„Und jetzt gemeinsam: Ich bin stark. Ich bin schön. Ich bin der Nabel der Welt.“ Das betet der „Coacher“ Heini Himmerl seinen Klienten vor. Himmerl, der Dreh- und Angelpunkt des neuen Programms „Kein Thema. Eine deutsche Antwort“ von Sigi Zimmerschied, das nun im Lustspielhaus München-Premiere hatte. Wieder so eine Figur, wie sie nur Sigi Zimmerschied erfinden und auf die Bühne stellen kann. Obendrein eine seiner bislang am schwersten zu dechiffrierenden.

Denn nicht nur Himmerls Klienten sind alles andere als stark, schön und der Nabel der Welt. Ob es ein bankrotter, amputierter, von seiner Frau verlassener Selbstmordkandidat ist. Ein in der Wählergunst dramatisch gefallener SPD-Landtagsabgeordneter. Sein tumber AfD-Kollege, dem Himmerl folgerichtig Sprach- und Bewegungslosigkeit als Profil verordnet. Der verkrachte Schauspieler mit Adelstitel, der im „Hamlet“ nur eine Staubmilbe spielen darf. Oder die feministische Avantgarde-Regisseurin Svantje, die solche kruden Inszenierungen verbricht.

Auch der „Work Live Balancing Trainer und No Problem World Creator“ Heini Himmerl selbst ist weder stark noch schön noch der Nabel der Welt. Sondern ein von der physischen wie psychischen Misshandlung des Vaters wie vom Wegschauen der Mutter Deformierter, der schon ein „Schlagerl“ samt Amnesie hatte, ständig Tabletten frisst und eigentlich zu nichts zu gebrauchen ist.

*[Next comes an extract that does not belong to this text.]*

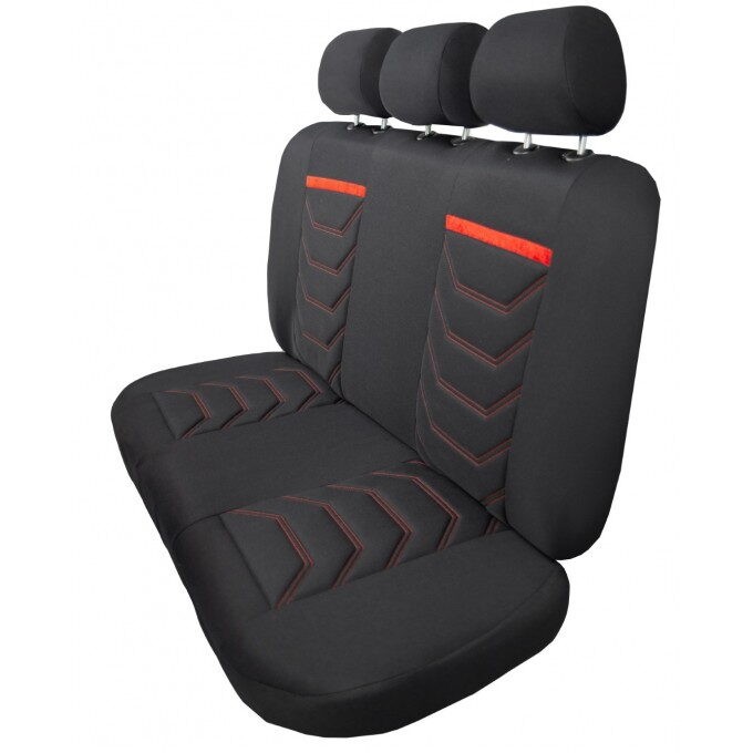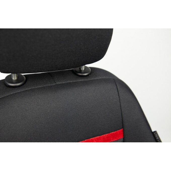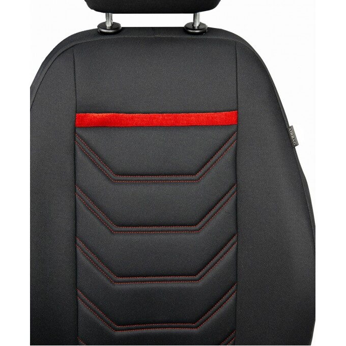 • Design a styl: autopotahy v elegantní černé barvě je doplněno výrazným červeným vodorovným pruhem a prošíváním ve tvaru "V", které imituje sportovní sedadla

Dieses Nichts aber hat er zur Mission gemacht, er ist nun quasi das Über-Nichts seiner Opfer. Die Allmacht-Fantasien durchgeknallter Despoten lassen grüßen, wenn Himmerl sich in einer Szene seine Mandanten als Tonklumpen vorstellt, die er nach seinen Ideen modelliert. Und wie sich später herausstellt, ist nicht einmal das dem eigenen Antrieb geschuldet: Es gibt einen geheimnisvollen Auftraggeber aus dem Lager der Verschwörungstheoretiker, für den Himmerl seine Schützlinge in den realen oder politischen Selbstmord treiben soll.

Schon seit langem, streng genommen schon seit „Ausschwitzn“ 1990, macht Zimmerschied Theaterkabarett, er hat es miterfunden. Mit „Kein Thema“ freilich treibt er es auf die Spitze. Kein Rest ist mehr übrig von den alten Feindbildern, an denen er sich lange abgearbeitet hat, es gibt keine einfachen Fragen und eindeutigen Antworten mehr, keine Suche nach der Pointe. Stattdessen wird mit den Mitteln des Dramas das Psychogramm eines Verführers erstellt, der pars pro toto für den aktuellen Autokratie-Trend stehen darf. Was dank Zimmerschieds sprachlicher und darstellerischer Verve satirisch und komisch genug ist.

Wenn am Schluss – so viel sei verraten – die Taten auf den Täter zurückfallen, kann man das als düster empfinden oder – ganz neu bei Zimmerschied – als Zeichen der Hoffnung deuten. Ein Programm, das lange nachhallt und das man eigentlich öfter als einmal sehen muss (bis Mai im Lustspielhaus).